Create a datetime for each ID in the data frame
I have a data frame (named df) from 1/1/2016 00:00 to 25/11/2018 23:00, with a timestamp every hour, a object_id and a value. The dataset contains only object_id rows that have values.
timestampHour object_id value
2016/1/1 00:00 1 2
2016/1/1 00:00 3 1
2016/1/1 01:00 1 1
2016/1/1 01:00 2 3
2016/1/1 02:00 2 3
2016/1/1 02:00 3 2
I want to get a data frame that shows all object IDs per hour, null if there is no value.
timestampHour object_id value
2016/1/1 00:00 1 2
2016/1/1 00:00 2 null
2016/1/1 00:00 3 1
2016/1/1 01:00 1 1
2016/1/1 01:00 2 3
2016/1/1 01:00 3 null
2016/1/1 02:00 1 null
2016/1/1 02:00 2 3
2016/1/1 02:00 3 2
I’ve created a datetime based on the timestamp. And use the following code to round them to the hour:
df["timestamp"] = pd.to_datetime(df["result_timestamp"])
df['timestampHour'] = df['result_timestamp'].dt.round('60min')
(I don’t know if there’s a better option, but I’ve been trying to create timestampHour rows until 12 (I have 12 unique object_id each) and populate those newly created rows with unused object_id (for that hour). But I can’t create empty rows based on the condition)
I’m still new to programming, and I haven’t found a clue to come closer to solving this problem by searching for other posts.
Solution
Use pivot_table
and unstack
:
df.pivot_table(
index='object_id', columns='timestampHour', values='value'
).unstack().rename('value').reset_index()
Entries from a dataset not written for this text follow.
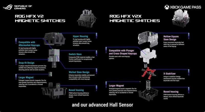 アップグレードされたROG HFX V2マグネティックスイッチと新開発のROGホールセンサーを搭載。さらに、本体で簡単に調整できる感度調整ホイールを新たに導入し、多機能ボタンやインタラクティブタッチパネル、人気のRapid Triggerトグルも引き続き備える。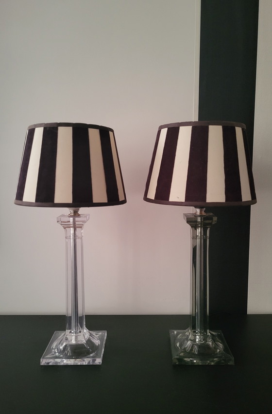 Due bellissime lampade da tavolo per una cassettiera o accanto al letto. Base in plexiglas con paralume nero/écru. Nota: una base in plexiglas è trasparente, l'altra ha una finitura in vetro fumé; vedere le foto per riferimento. I modelli sono identici. Dimensioni: 44 (A) x 19 (P) cm. Materiale: plexiglas (base e base), metallo e tessuto (paralume). Colore: base in vetro fumé trasparente con paralume a righe nero/écru.
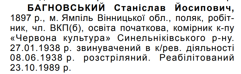 Станіслав Багновський розстріляний 08.06.1938 р.
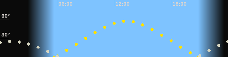 | Höchster Sonnenstand (Kulmination) | 13:16 Uhr (h = 56.8°) |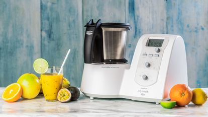 Funciona con tecnología de inducción y dispone de hasta 10 funciones programadas como amasar, emulsionar, pulverizar o sofreír, entre otras. Su potencia alcanza 1.600 vatios y la temperatura máxima de cocción llega hasta los 140 grados. Una de sus funciones destacadas es la balanza integrada de gran precisión. Por lo demás, viene con un completo kit de accesorios, tiene dos años de garantía y se puede acceder a su recetario ilimitado vía wifi y a otro más reducido guardado en la memoria del aparato.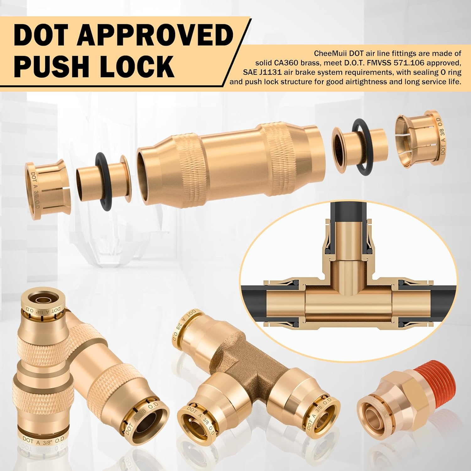 Store New Arrivals Add to Favorite View Feedback Contact 136 PCS Brass DOT Air Line Fittings Kit Push Lock DOT Air Fittings Push to Connect Fittings 1/8" 1/4" 3/8" 1/2" Quick Connect Air Hose Fittings Assortment for Air Line Air Hose Description Item model number 136 PCS DOT AIR FITTINGS Item Package Quantity 1 Item dimensions L x W x H 10.6 x 7.09 x 3.7 inches Size 5/32", 1/8", 1/4", 3/8", 1/2" Number of Pieces 136 Color Gold Set Name 136 PCS DOT AIR LINE FITTINGS KIT Material Brass Connector Type Union Item Weight 3.75 Kilograms Thread Type NPT Batteries Required? No Batteries Included? No Exterior Finish Brass Product Dimensions 10.6 x 7.09 x 3.7 inches Included Components 1 PC PIPE CUTTER, 1 PC TEFLON TAPE, 134 PCS BRASS DOT AIR LINE FITTINGS 136 PCS PACKAGE: The 136 pcs DOT air line fittings assortment includes: 12 pcs DOT brass tee fittings, 34 pcs DOT brass straight unions, 36 pcs DOT brass straight push & NPT air fittings, 18 pcs DOT brass 90°elbows push & NPT air fittings, 12 pcs DOT brass 360° swivel elbows push & NPT air fittings, 12 pcs brass bushings, 6 pcs brass couplings, 4 pcs brass 1/4" inflation Schrader valve, 1 pc tube cutter, 1 pc Teflon tape. Air brake line fittings types: 5/32" 1/8", 1/4", 3/8", 1/2" PREMIUM DOT FITTINGS: CheeMuii brass DOT air fittings are made of CA360 pure brass, meet D.O.T. FMVSS 571.106 approved, SAE J1131 air brake system requirements, with corrosion resistance, high-temperature ductility, low permeability and long service life MAX WORKING INTENSITY: The DOT brass push lock air fittings can be operated in pressures from vacuum to 800 PSI and in temperatures from -40°F to +248°F (-40°C to +120°C). Note: see the tubing manufacturer's recommendations for pressure and temperature mutations AIR SUSPENSION VALVE: CheeMuii 1/4" DOT inflation Schrader valves are made of CA360 pure brass, which is durable and corrosion-resistant. Thread length: 3/4". Provide a manual inflation point to air spring suspension bags. Each expansion valve is equipped with a protective cap to prevent dirt and mud EASY INSTALLATION: The quick connect design and precise NPT threading make installation of air brake accessories easy, just push to connect. And there is pre-applied sealant on NPT male thread for better sealing Product description CheeMuii 136 Pcs Brass DOT Air Line Fittings Assortment Product Specification: 12 PCS Brass DOT Tee Fittings 34 PCS Brass DOT Straight Unions 36 PCS Brass DOT Straight Push & NPT Fittings 18 PCS Brass DOT Elbows Push & NPT Fittings 12 PCS Brass DOT 360° Swivel Elbows Push & NPT Fittings 4 PCS Brass DOT 1/4" Inflation Schrader Valve 12 PCS Brass Bushings 6 PCS Brass Couplings 1 PC Tube Cutter & 1 PC Teflon Tape 360° FREE ROTATION CheeMuii DOT brass quick connect fittings Can be rotated 360 degrees for easy installation, there will be no air leakage after being connected, and it has a good performance at work. DOT PUSH-IN CheeMuii DOT push lock air fittings meet D.O.T. FMVSS 571.106, SAE J1131 air brake system requirements. Effectively prevent leakage and have a long service life. NO LEAKAGE Precision NPT thread and pre-applied sealing coating, effectively prevent leakage PREMIUM BRASS METERIAL CheeMuii DOT air hose fittings are made of high-quality CA360 pure brass, meet D.O.T. FMVSS 571.106 approved, SAE J1131 air brake system requirements, with corrosion resistance, high-temperature ductility, low permeability and long service life. TEMPERATURE RANGE CheeMuii brass DOT air fittings can adapt to temperature differences in different areas, can withstand high and low temperatures, long service life. Temperature Range: -40°F to +248°F | -40°C to +120°C. MAX WORKING PRESSURE CheeMuii brass DOT air line fittings have high impact and wear resistance, can withstand higher working pressure, and have a longer service life. The air line fittings' max working pressure is 800 PSI. ABOUT US We offer the best prices around on high quality products. Our E-store includes media such as books, movies, music and games while offering electronics, toys, sporting apparel, clothing, tools, general home, garden items and more. SHIPPING We are always working hard to ensure your package arrives as soon as possible. Please understand that some factors like weather, high postal traffic, and the performance of shipping companies are outside of our control. We offer free shipping to the lower 48 states and ship within 2 business days of payment, usually sooner. We do not accept P.O. Boxes. Please provide a physical address. For shipping outside of the continental USA, we only use eBay's Global Shipping Program.The item is shipped to KY and then sent to the rest of the world. International customers are responsible for all duties and taxes. Continue to check out in order to calculate costs for shipping the item to your country. Messages regarding eBay's Global Shipping Program MUST be directed at eBay EXCLUSIVELY. RETURNS We offer a 30-Day Return Policy on items which you are not completely satisfied with. You have the option for a full-refund or an exchange of the item. No returns are available on items shipped outside of the USA. PAYMENT We accept PayPal. CONTACT US This page content is yet to come Please ad us to your favorite seller and visit again later Thank You CUSTOMER SATISFACTION We try our very best to make sure every customer is completely satisfied. If there's a problem, message us! We're happy to help. WE ACCEPT Copyright © 2021 AutoDS. | All Rights Reserved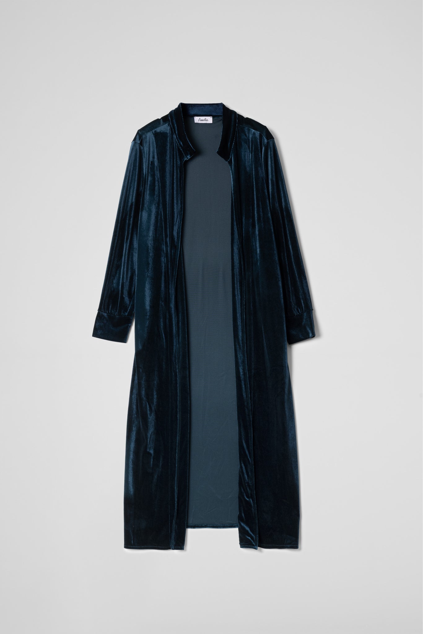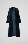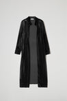 Soprabito lungo in morbido tessuto di velluto, raffinato e versatile, un modello elegante ma disinvolto, ideale per impreziosire qualsiasi outfit con un tocco di sofisticata luminosità.

timestampHour object_id value
0 2016/1/1 00:00 1 2.0
1 2016/1/1 00:00 2 NaN
2 2016/1/1 00:00 3 1.0
3 2016/1/1 01:00 1 1.0
4 2016/1/1 01:00 2 3.0
5 2016/1/1 01:00 3 NaN
6 2016/1/1 02:00 1 NaN
7 2016/1/1 02:00 2 3.0
8 2016/1/1 02:00 3 2.0
To understand how this works, the middle pivot_table
helps to see:
timestampHour 2016/1/1 00:00 2016/1/1 01:00 2016/1/1 02:00
object_id
1 2.0 1.0 NaN
2 NaN 3.0 3.0
3 1.0 NaN 2.0
When the value of the object_id
and timestampHour
combination cannot be found, NaN
is added to the table. When you use unstack
, these NaNs
are preserved, giving you the desired results with missing values.